Mas partir não é uma obrigação,
tampouco andar desacompanhado: é possível
dialogar com o tempo e com o coração simultaneamente
(Antes do Pôr-do-sol). O resultado, de
um modo ou de outro, é um cinema diastólico,
sempre à deriva daquilo cuja entrada o coração
permite.
Ou daquilo cuja entrada somente o cinema permite. Se
apanhar um ar fresco, após o marido cair no sono
em plena noite de núpcias, pode fornecer tudo
de que o destino necessita para plantar sua armadilha
(5x2), François Ozon corrige sua "maldade"
e faz o filme voltar no tempo e reencontrar uma espécie
de proto-cena do imaginário romântico de
toda uma geração. Aquela praia, aquele
fim de tarde, aquele casal que entra no mar ao som da
canção italiana: essa imagem já
foi vista dezenas de vezes. O falso-raccord do
final – que transforma o aparente "corte dentro
do eixo" (o qual, por seu turno, traria uma das
maiores descontinuidades de luz da história do
cinema) numa exuberante elipse narrativa – é
a maneira perfeita de introduzir o falso-happy end
de 5x2. As coisas podem, como foi mostrado logo
de início, terminar "mal" na diegese
– mas o filme em si (i.e., sua simples sucessão
de imagens) quer terminar "bem" a qualquer
custo. É com o feelgood daquela cena final
que voltamos para casa, e não com o desconforto
instaurado no início do filme.
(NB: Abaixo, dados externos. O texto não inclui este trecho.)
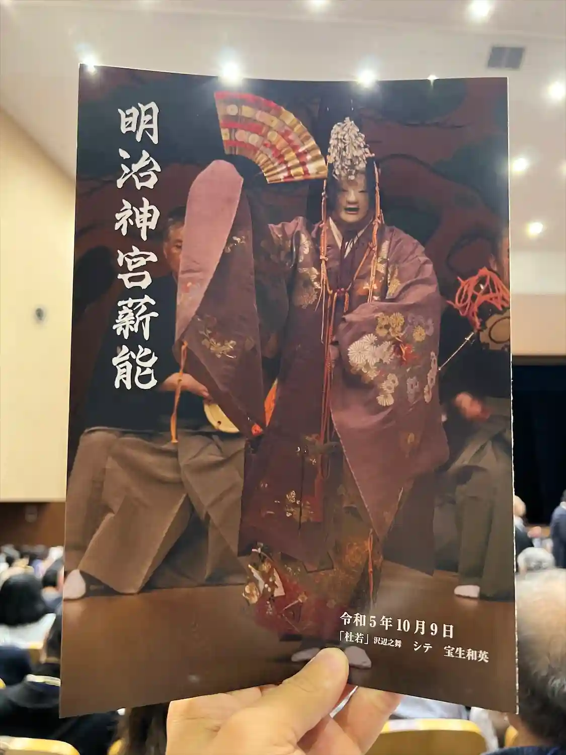 野外での能を薪能というのですが、生憎の雨で神宮会館内で行われました。

Não deixa
de haver uma esperteza um tanto ácida nesse joguete
narrativo de Ozon, mas a racionalidade do narrador onisciente
(assim como a do crítico excessivamente irônico
da moral burguesa) não obstrui a sensação
de leveza que o filme prolonga sob o doce formato de
uma "inocente inconseqüência".
Inocentes e inconseqüentes são também
os jovens que chutam latas de lixo e andam como se fossem
os donos da rua no final de Água-viva.
Seus futuros brilham sobre suas cabeças. Kyoshi
Kurosawa expõe uma outra (e radical) forma de
ocupação das ruas. O corte também
transfere o filme do abraço (dessa vez entre
um pai e um filho que se adotaram mutuamente) para a
deambulação, mas aqui vemos um movimento
em bando. É como um trajeto migratório
de pássaros urbanos, que saem dos seus quartos
para povoar a cidade.
E há o outro movimento de conjunto, este imigratório,
que transporta da África para a França
um dos sorrisos mais belos da humanidade (A Ferida).
Após esconder seu rosto numa cena no metrô,
na primeira parte do filme (em que seu corpo ainda estava
marcado pela "ferida"), a personagem faz o
mesmo trajeto mais para o final, mas desta vez ela não
só mostra o rosto como abre um apaixonante sorriso.
Depois, o passeio pela calçada, de mãos
dadas com o irmão, enquanto a música "Atmosphere",
do Joy Division, surge em fade in. O passeio termina
com ela comprando um par de óculos escuros –
escolhendo uma forma própria de ver o mundo.
É algo não muito distante do "cinéma
de l’attachement" proposto por Robert Guédiguian
(História de Marius e Jeanette, Marie-Jo
e Seus Dois Amores): uma questão de laços
– humanos, certamente, mas dotados de todas as esferas
possíveis. Curioso que A Ferida e Marie-jo,
filmes tão diferentes que são, terminem
com o mesmo princípio de enquadramento: a câmera
apontada para baixo, na traseira de um veículo
em movimento, registrando de um lado a poeira que fica
para trás do caminhão, do outro as águas
revolvidas pelo barco que segue. Tem sempre alguma coisa
ficando para trás – donde a necessidade, que
o diga Manoel de Oliveira, de se viajar ao princípio
da memória (em A Ferida, a intensa circulação
de narrativas pessoais de percalços vividos),
que é também o princípio do mundo.
Em Vai-e-vem, a questão se condensa de
uma maneira distinta (e, obviamente, extraordinária):
sentindo a proximidade da morte, João Vuvu se
recusa a permanecer no hospital, pois prefere estar
lá fora, prefere sair e ver não importa
o quê, mas simplesmente ver. Se em praticamente
todo o filme suas perambulações são
individuais, é porque a única forma de
realmente absorver a poesia da vida é estando
a sós com o mundo. E estar a sós com o
mundo não representa apenas um paradoxo da solidão:
significa querer conhecê-lo, mas sem pedir o mesmo
em troca (somente assim se ouvem os versos).
Luiz Carlos Oliveira Jr.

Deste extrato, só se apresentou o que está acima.